Gourmet

秋野菜は「トースターで焼くだけ」が一番おいしい

 焼け焼け、美味しい秋野菜。

豚バラしいたけ 秋野菜が美味しい季節になりました。ナス、きのこ、レンコン、さつまいも……。香り高くて、旨みたっぷりのラインナップ。想像しただけで、夏の終わりの物悲しさが吹っ飛びます。食欲の秋ですから、旬の味覚をたっぷり楽しみたいですよね。

 しかし気になるのは、食べ過ぎによる体重増加。夏のダイエットの努力むなしく、脂肪の「倍返し!」が恐ろしい季節でもあります。

 そこで今回は、秋野菜をヘルシーに調理して、夏バテや美容に効果的な食べ方をご提案。世界一コストパフォーマンスの高い調理家電「トースター」を大活躍させ、もっと美味しい秋野菜の食べ方をご紹介します。

秋野菜をトースターで焼く5つのメリット



 なんと、2000円代から手に入るトースター。秋野菜を焼く上での魅力を、5つにまとめました。

(1)素材本来の美味しさが楽しめる
香り良し、旨み良し、食感良しの秋野菜。これらの魅力をバランス良く引き出すのは、「シンプルに焼く」のが一番。

(2)「旨味」や「甘み」がアップ
しいたけの旨み成分「グアニル酸」は、加熱により更にアップ。また、さつまいもは、じっくり焼くことにより、でんぷんが糖質に変わり、甘みがアップ。

(3)柔らかく、ふんわり、ジューシーに
フライパンで焼くのと比べ、熱が均等にじんわり当たるため、ふっくらジューシーな仕上がりに。

(4)最もヘルシーな調理法
オーブンシートの上に素材を置いて焼くだけなので、調理油は一切不要。炒めものや揚げ物に比べて断然ヘルシー。

(5)調理がカンタン
トースターに入れて焼くだけ、菜箸と皿さえあれば調理可能。焼き具合を調整しやすいのも魅力。

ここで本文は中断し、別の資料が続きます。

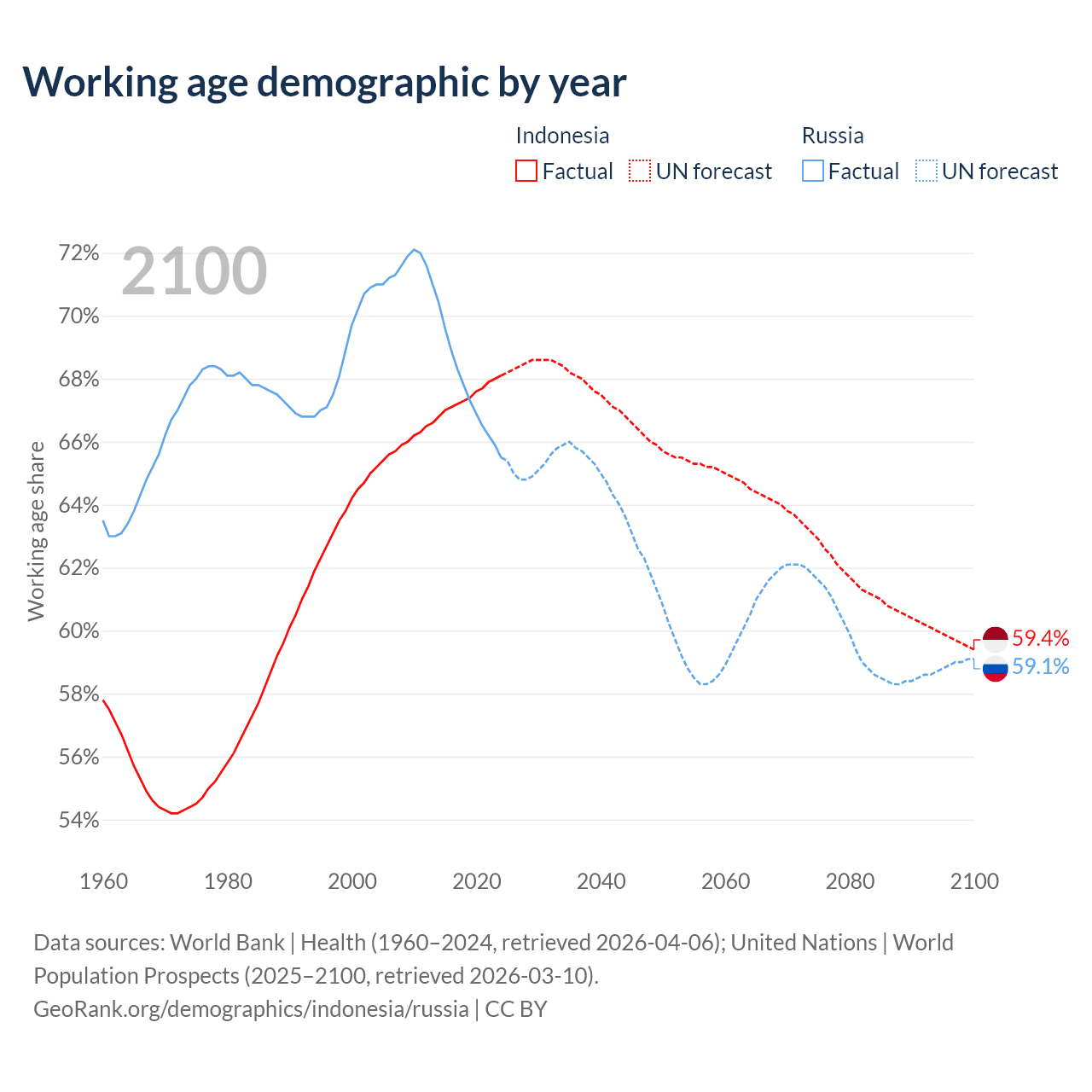 - Indonesia has 197M working age adults (aged 15-64) vs 93M in Russia.

 お待たせしました。それでは、「もっと美味しくなる秋野菜のトースターレシピ」をご紹介します。

夏バテ・残暑のぼせには、みずみずしい「焼きナス」



秋茄子「秋茄子は嫁に食わすな」と言われるほど、今の時期のナスは、身がしまって極上の味。美味しく仕上げるポイントは、ナスの選び方と焼き時間にありました。

【ナスの選び方】
品種改良が進み、様々なナスが店頭に並びます。焼きナスには、「みずみずしさ」と「凝縮された旨み」を両方合わせ持つ品種がオススメ。「細長い」ほどみずみずしく、緑色の皮の「青ナス」は旨みがたっぷり含まれます。細長くて緑皮の「長緑」という品種が最もオススメですが、手に入らない場合は、どちらかのポイントをおさえましょう。

秋茄子

ナスといっても様々、好みの品種を探すのも楽しい。

【焼き方】

(1)ナスを洗う。細長いものはそのまま、丸くて大きいものは、トースターに入るよう半分に切る。

(2)トースターに入れて強火で焼く。半分に切ったものは、内側を下にして皮を焼く。まるごとのものは、時々転がす。皮が黒くパリパリしてきたら取り出し、熱いうちに皮をむく。

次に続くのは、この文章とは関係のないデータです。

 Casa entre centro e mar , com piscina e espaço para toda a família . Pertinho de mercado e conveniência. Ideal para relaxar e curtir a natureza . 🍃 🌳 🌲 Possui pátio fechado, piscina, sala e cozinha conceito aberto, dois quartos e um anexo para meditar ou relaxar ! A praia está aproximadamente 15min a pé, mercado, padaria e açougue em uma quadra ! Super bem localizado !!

⇒【写真】はコチラ http://joshi-spa.jp/?attachment_id=30475

胃腸疲れ・滋養強壮には、「レンコンからすみ」



レンコン みずみずしくシャキシャキとした歯ごたえが魅力の「新レンコン」が出回ります。レンコンは、胃壁の保護や貧血予防、美容効果も絶大の秋野菜。目の疲れに効くビタミンAを含む「カラスミ」を合わせました。

【焼き方】

(1)レンコンを洗って、皮をむく。アク抜きは不要。怪我をしないよう、注意をしながら5ミリの厚さに切り揃える。

(2)トースターの強で3分~5分焼く。焼き上がりの30秒前にカラスミを乗せる。彩りにカイワレを添えて。

⇒【写真】はコチラ http://joshi-spa.jp/?attachment_id=30477

夏太り・むくみには、「ハーブ焼き芋」



ハーブ焼き芋 さつまいもも新物が出始めます。まるごと1本の焼き芋は、しずかちゃんも大好物なほどトロリと美味ですが、食べ過ぎには要注意。ダイエットやむくみには、輪切りにしてハーブとオリーブオイルを振りかけて。便秘解消、つややかな肌作りに役立ちます。少しずつゆっくり食べられるので、食べ過ぎも防げます。

【焼き方】

(1)さつまいもを洗って、1センチの厚さに切り揃え、ホイルで包む。

(2)トースターの強で7分程度焼く。包んだホイルを開け、表面に軽く焼き色をつける。皿に盛って、オリーブオイルとハーブミックスをトッピングする。

⇒【写真】はコチラ http://joshi-spa.jp/?attachment_id=30478

美肌づくりのためには、「豚バラしいたけ」



豚バラしいたけ 食物繊維の豊富なしいたけは、香りと厚みが凝縮された「原木しいたけ」が出まわるチャンス。年中出回る「菌床」とは別格の味。美肌効果を高めるため、ビタミンB1、B2をたっぷり含む豚バラを合わせました。ジューシーさがたまらない一品です。

【焼き方】

(1)しいたけは、濡れた布巾でやさしく拭いて汚れを落とす。水洗いは厳禁。石づきを切り取る。豚バラをクルクルと巻き、しいたけの内径の太さにしてギュッと押し込む。軽く塩を振る。

(2)トースターの強で5~7分程度焼く。豚肉に火が通れば良い。レモン汁をかけて食べる。

季節の変わり目の美容対策「焼きアボカドのグラタン」



 最後に、秋野菜ではないですが、焼くともっと美味しくなる果物「アボカド」をご紹介。アボカドは栄養価が高く、美容効果もバツグンですから是非お試しを!あまりの美味しさにほっぺが落ちちゃいます。

【焼き方】

(1)アボカドを半分に切り、種を除く。表面にレモン汁を塗る。カニ缶の中身を取り出し、マヨネーズとコショウで軽く味付けし、くぼみにたっぷり入れる。

(2)トースターの強で15分程度焼く。表面がきつね色になればOK。醤油を垂らして食べる。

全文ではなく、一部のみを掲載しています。